There will be people that tell you there is proof. Well intentioned and highly reputable people who believe in you, people who undoubtedly know what they’re talking about, telling you “you’re doing things the right way”, that “it was only a matter of time”, or that “it’s the first of many”. And however much you trust these people, however much you respect them; seek out their opinions, advice and expertise in every other area, no one can make you trust yourself apart from, shock, yourself. To put it as simply as possible, the reason I have my first win on the LET is the same reason I was able to tee off the 18th with a two shot lead, knowing that a week’s work can implode in the space of a heartbeat, and still produce two of my best shots all week. I had complete trust in myself and my own ability.

But trying to figure out why I was able to do that that week is the part that possibly doesn’t quite add up on the outside. There’s probably too strong of an assumption in the sporting world that wins or good performances follow a specific set of rules, with very limited variations. Wins come because you’ve been putting in good performances, you’ve been showing signs of consistency, you’ve been in contention regularly. Or you are back somewhere you’ve done well at before; you’ve had a trigger for good vibes. I’ve had reasons to believe in myself and my own capability, I won’t doubt that. I’ve had weeks where I’ve looked at winning scores and known with complete certainty they were in my grasp, weeks where I’ve thought anything might be possible. But most of those weeks have stemmed from one of those sets of rules that I just mentioned. Weeks when maybe the odds might have leant slightly more in my favour. Weeks that weren’t on the back of two missed cuts out of three and a two month stroke average of 75. Weeks where I hadn’t spent parts of the previous events wondering if I’d reached my maximum. If I wasn’t going to achieve any kind of successful result because I just needed some practice time that I wasn’t able to get. If the strongest parts of my game would never be enough to hold the weakest parts together.

Analysis, rationality, doubts, plans, trust… all full cycle, day after day, week after week. Not knowing when, or if, it was all going to come together. Not knowing when, or if, or why, I could even get back to the level of performance I was producing a few months previously, when I believed I’d spent the time in between making myself better. But seeing the smallest of signs and trusting them… engaging in those processes that seem to be going full cycle, and realising they are edging you closer… knowing when to question, when to adapt, when to trust. Who to turn to. They all bridge the narrowing gap that might look like a chasm from the outside. They all bring you closer to the place I found myself in in Coffs Harbour, a place where I felt like limits was just a word and capability was undefined.

Corpus Callosum. It’s the name given for the structure that connects the left and right sides of your brain. The place where logic meets imagination, where reason meets intuition, where fact meets trust.
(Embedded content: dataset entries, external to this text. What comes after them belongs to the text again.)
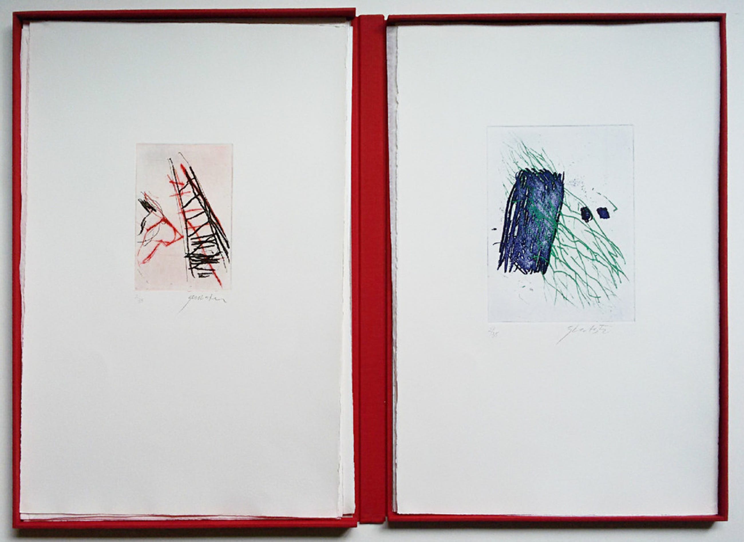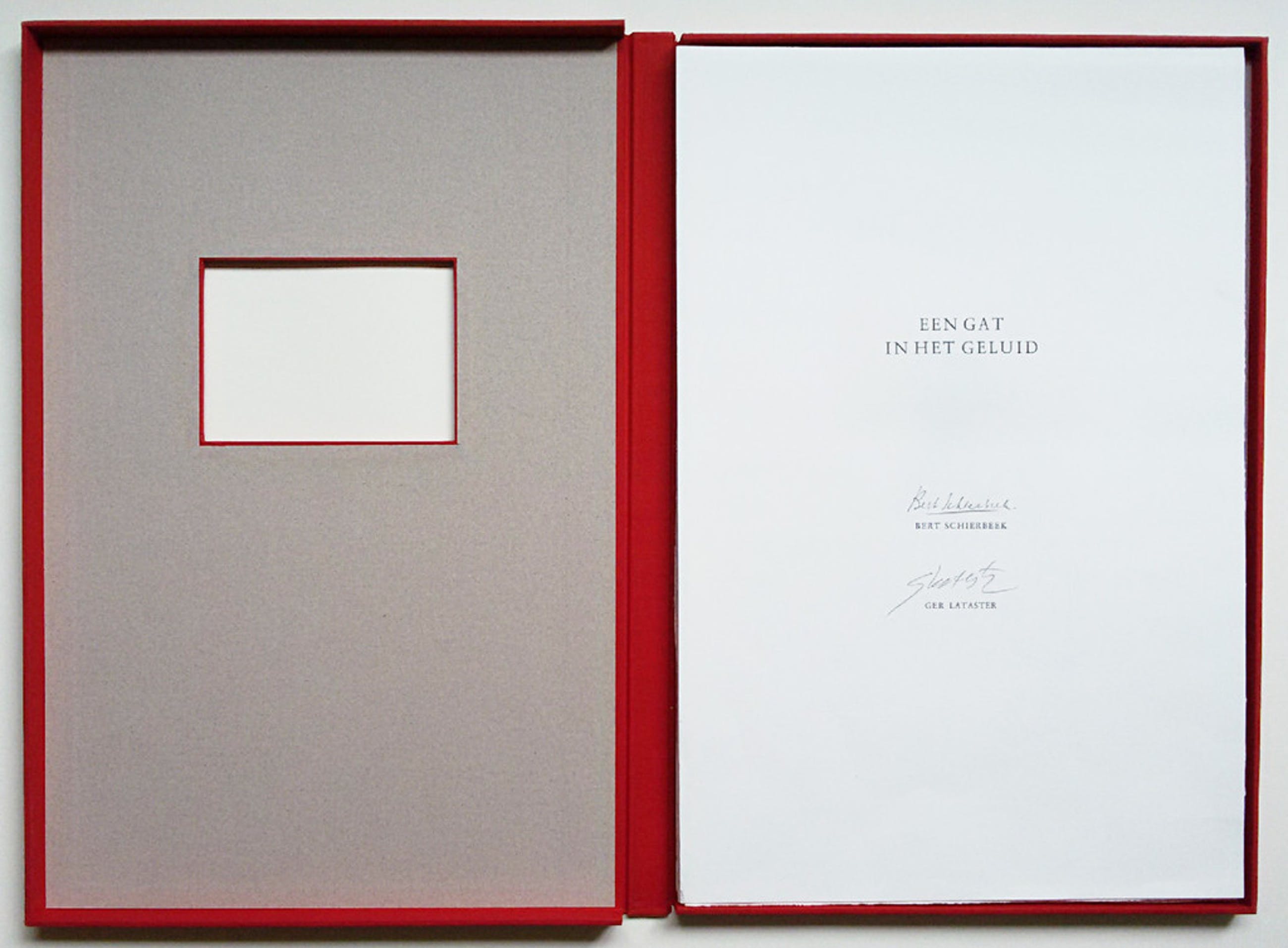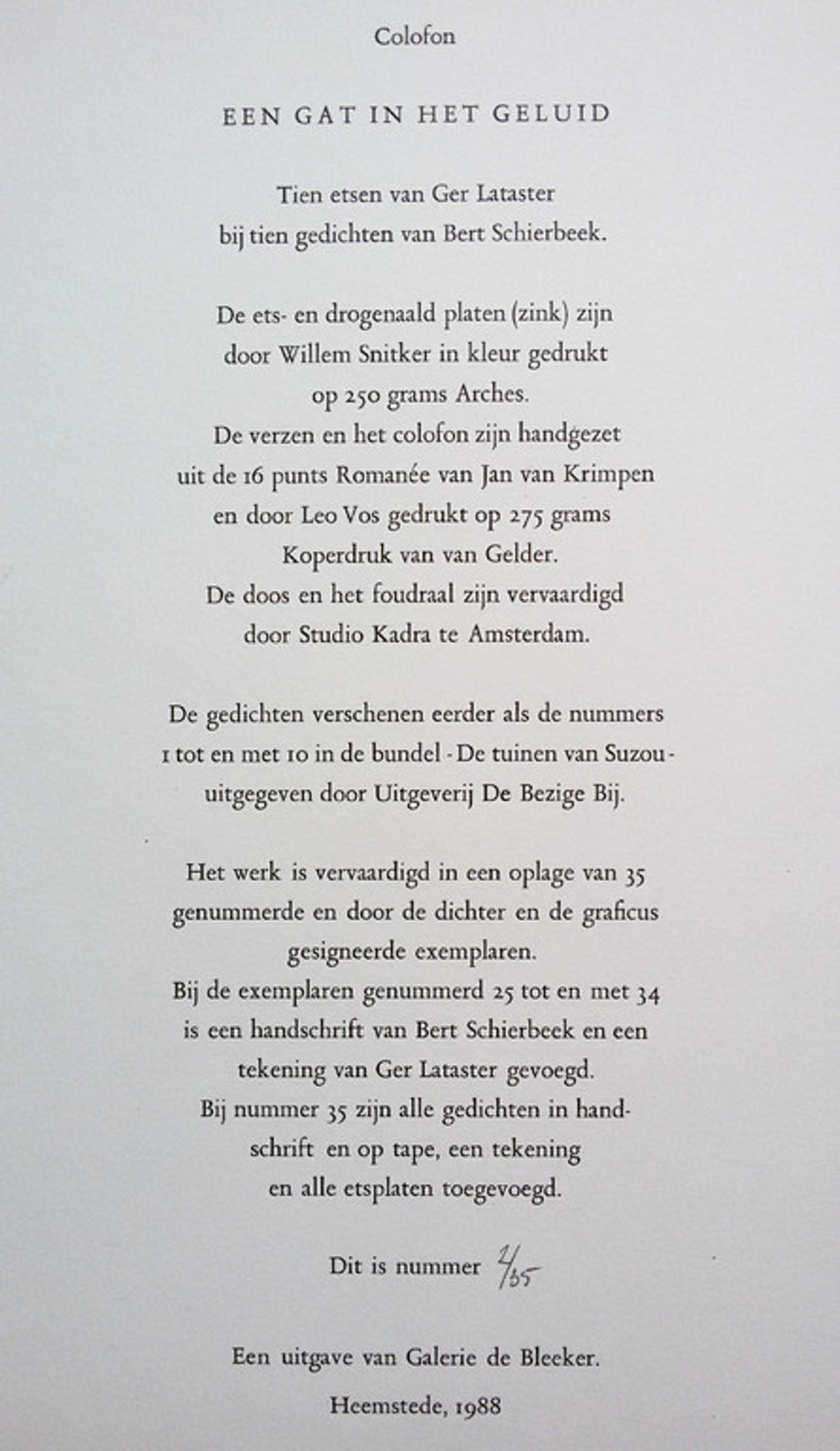 Complete uitgave van Een gat in het geluid van Ger Lataster en Bert Schierbeek. Tien etsen van Lataster bij tien gedichten van Schierbeek. Elke ets op 250 grams Arches papier, met potlood gesigneerd en genummerd (2/35) door Lataster, het titelblad gesigneerd door zowel Ger Lataster als Bert Schierbeek. Uitgegeven door galerie De Bleeker uit Heemstede in 1988. Er zijn van dit werk 35 exemplaren uitgegeven, dit is exemplaar nummer 2.
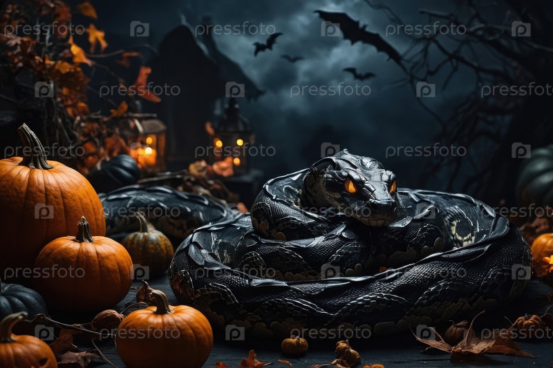 Черного хищника-змеи на темном ужасном рептилии Хэллоуина
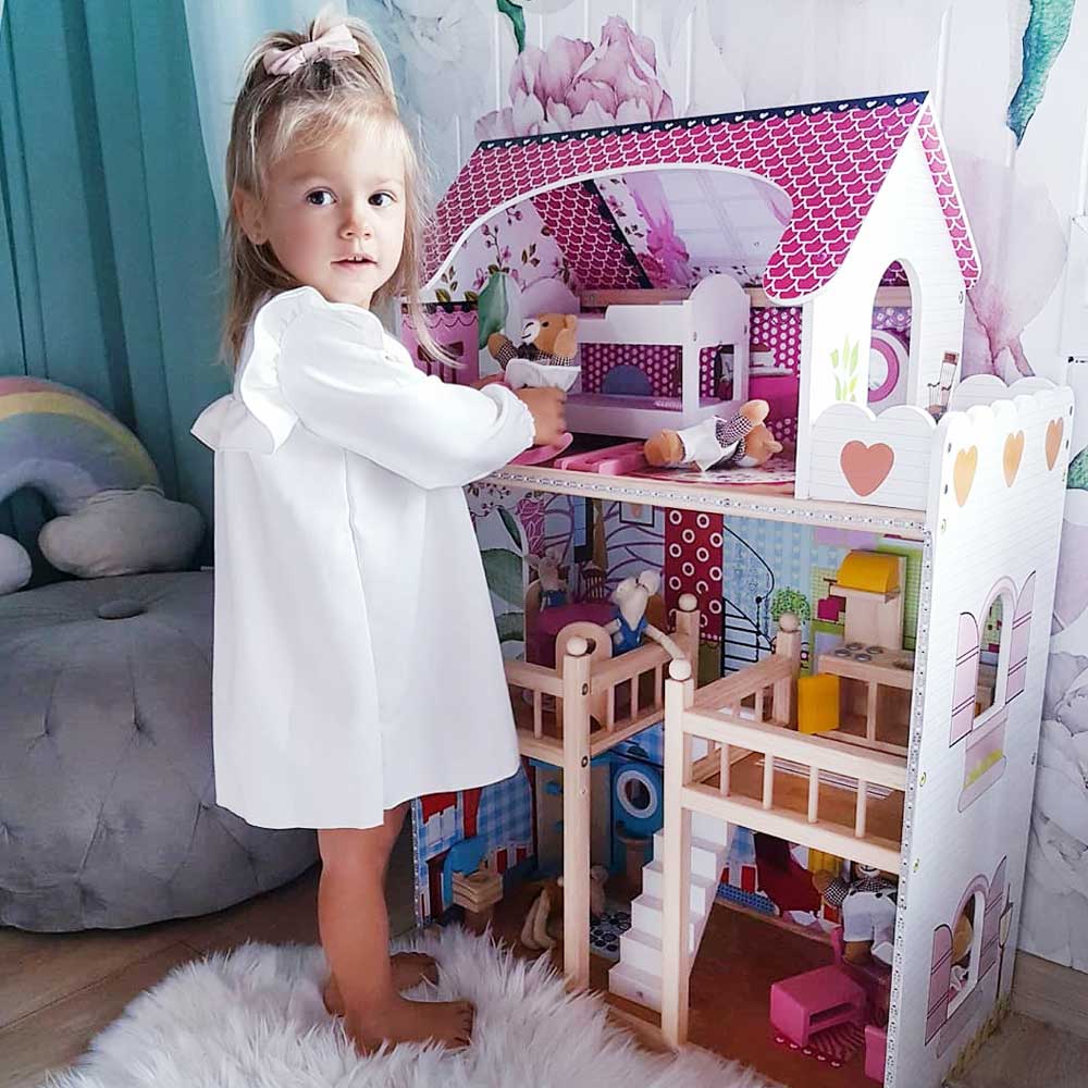 A practical back neck fastening with two buttons makes dressing easy, while the long sleeves make it perfect for cooler days and special occasions.
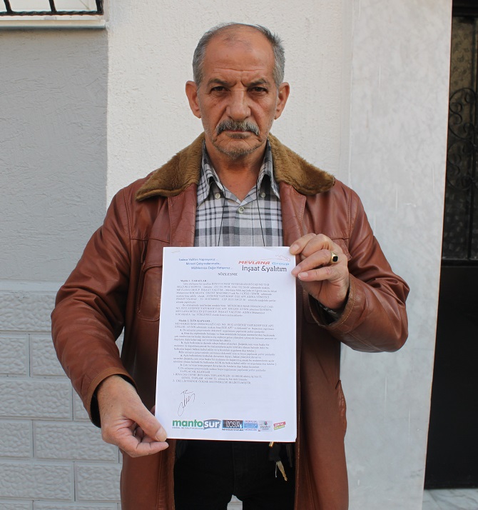 Efeler ilçesi Adnan Menderes Mahallesinde bulunan Aydeniz Yapı Kooperatifi Ege Apartmanı A Blok sakinleri apartmanlarının yenilenmesi konusunda karar aldı. Yaptıkları piyasa araştırmasından sonra kısa adı “Mevlana İnşaat” olan Mevlana Müh. İnş. Gıda ve Eğitim San. Ltd. Şti. yetkilisi ile apartman yöneticisi Haziran ayında sözleşme imzaladı. İşi alan yüklenici firma yenileme çalışmalarına başladı. Sözleşme gereği 63 bin lira peşin alan Mevlana İnşaat, 45 günün sonunda tamamlaması gereken işi yarım bırakıp gitti.
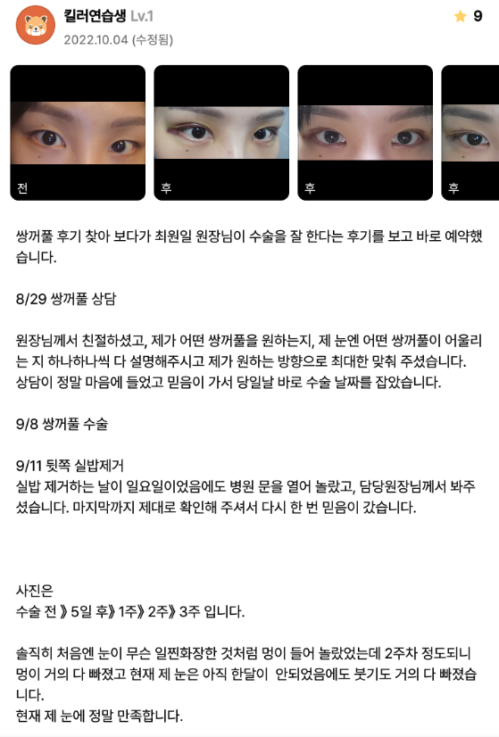 リエンジャン美容外科医院 ★★★★★ 5.0 [강남언니] 자연유착(쌍꺼풀) 1개월차 / 닉네임 : 킬러연습생 匿***@ | 2023.01.09 | 23 口コミ一覧に戻る
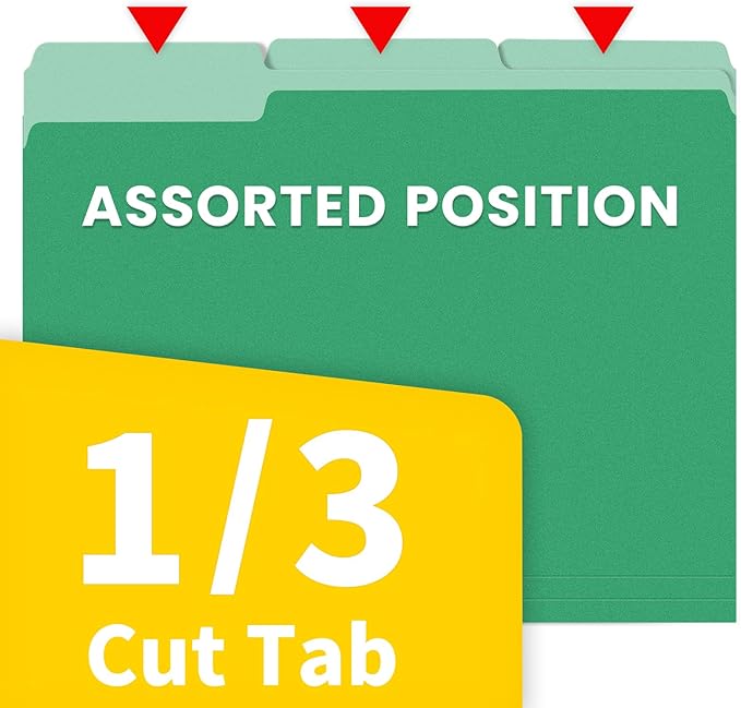 - 1/3 Cut Tab: Navigate through your files seamlessly with the 1/3 cut tab feature. This thoughtful design allows easy labeling, making it simple to categorize and retrieve documents efficiently. Stay organized and in control with these user-friendly folders.
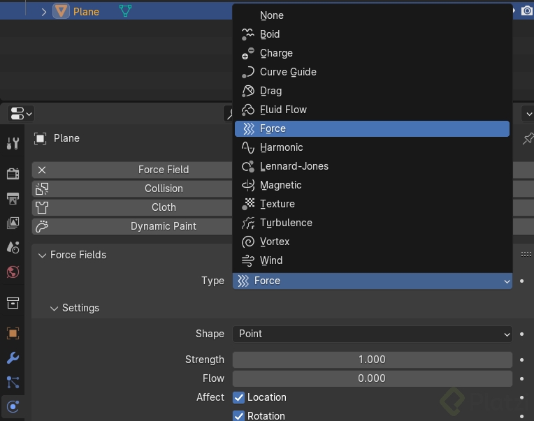 Wind, o viento, es una fuerza que funciona como un ventilador en miniatura. Manipular su posición y los parámetros de velocidad y turbulencia permite controlar la dirección y la dispersión de los objetos en tu escena. Úsalo para simular situaciones de viento o simplemente para añadir un suave movimiento lineal a tus escenas.
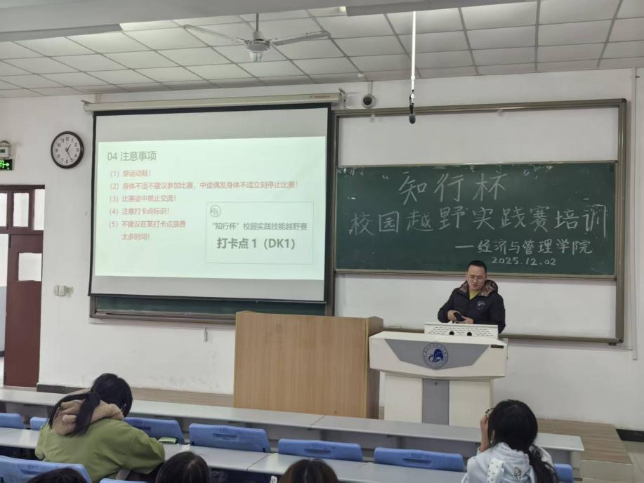 为保障赛事顺利进行,经济与管理学院于12月2日中午在博文教学楼B2教室举行了赛事专题介绍会,刘阵老师为参赛学生详细解读了比赛规则、任务内容及安全注意事项,帮助选手提前做好知识与心理准备。
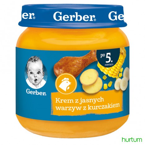 Krem z jasnych warzyw z kurczakiem. Produkt utrwalony termicznie, sterylizowany.
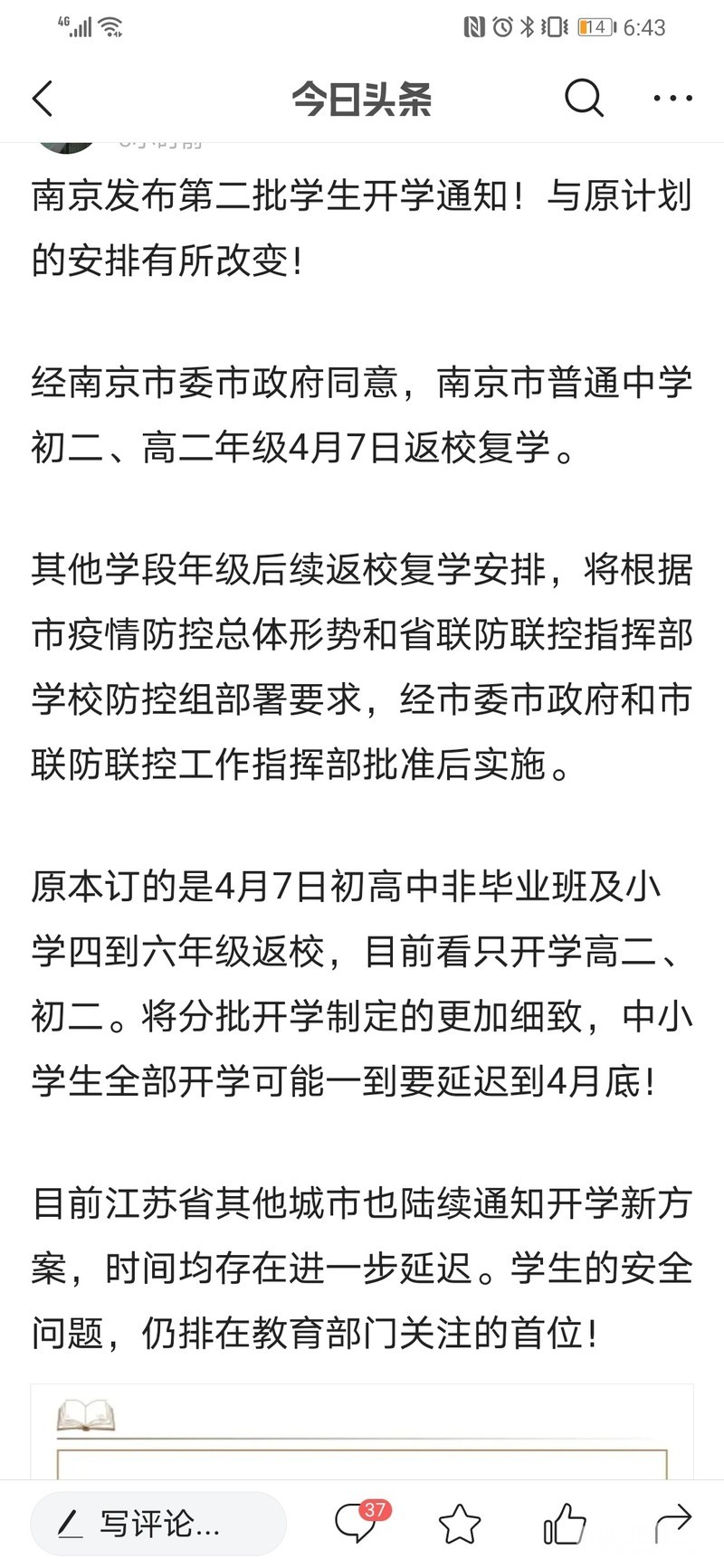 本来通知了7号上学,然后现在家长群里又说要推迟了,这是一会一个变啊~~只能坐等官宣了,不过教育局的文件只是说在什么时候开学,具体开学时间还是由各学校申报以后才能定。我心里还是有点担心的,当然我相信学校能开学肯定做好充足的准备。初中、高中没的说,像小学、幼儿园这种是不是可以再缓缓呢。你希望小学开学吗??
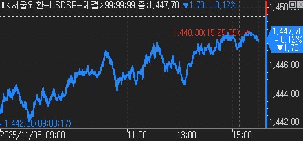 장중 고점은 1,448.30원, 저점은 1,442.00원으로 장중 변동 폭은 6.30원이다.
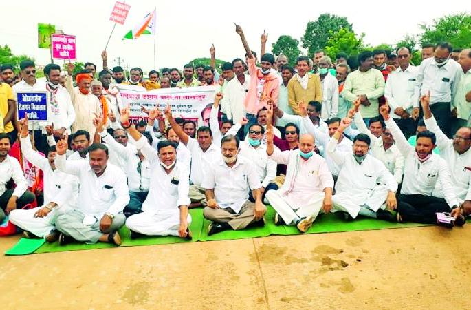 लाेकमत न्यूज नेटवर्कलाखांदूर : तालुक्यातील दहेगाव येथील गत ३० वर्षांपासून बंद असलेली कायनाईट खाण सुरू करण्याच्या मागणीसाठी गुरुवारी लाखांदूर तालुका राष्ट्रवादी काँग्रेसच्या वतीने बारव्हा येथे चक्का जाम आंदोलन करण्यात आले. यात शेकडो नागरिक सहभागी झाले होते. या आंदोलनाचे नेतृत्व माजी आमदार राजेंद्र जैन यांनी केले.यावेळी राष्ट्रवादी काँग्रेसचे जिल्हाध्यक्ष नाना पंचबुद्धे, जिल्हा बँकेचे अध्यक्ष सुनील फुंडे, धनंजय दलाल, विजय सावरबांधे, हेमकृष्ण वाडीभस्मे, अतुल परशुरामकर, तालुकाध्यक्ष बालू चुन्ने, मोहन राऊत, राकेश राऊत, कल्पना जाधव, देविदास राऊत, सूरज मेंढे, सुनीता बिसेन, गीता लंजे, शकुंतला भैय्या, उषा झोडे, राजश्री मालेवार, वंदना गाकरे, निशा बगमारे, नरेश दिवठे, मिलिंद डोंगरे, बबन पिलारे, संतोष गोंधळे, गोविंदराव बरडे, अमोल बिडवाईक, जिकरीया पठाण, शंभू नैताम, विजय फुंडे, धनराज वासनिक, निवृत्ती ढोरे, रोषण बनकर सहभागी झाले हाेते. आंदोलनस्थळी जिल्हा खणीकर्म अधिकारी गजभीये यांना निवेदन देऊन कायनाईट खाण सुरू करण्यासंबंधाने केंद्र सरकारकडे आवश्यक कारवाईसाठी निवेदन देण्यात आले.

Maybe it’s the scientific name for that place every athlete strives to get into… the place every athlete knows is where the magic happens, the place every athlete knows their performance will find new bounds, the place where every athlete wonders how all the endless complications can suddenly feel so simple. The place where you feel in more control than you ever thought was possible, and somehow completely out of control at the same time. The place you can only find by not looking for. The place where knowing you are in it takes you straight back out of it. The place where all your potential is laid out in its purest, barest form, simultaneously scaring and exciting you. The place you weren’t sure you could hold onto for long enough to believe it was real. The place you train for, sweat for, despair for, live for. The place some people call the zone. The place that makes it all worth it.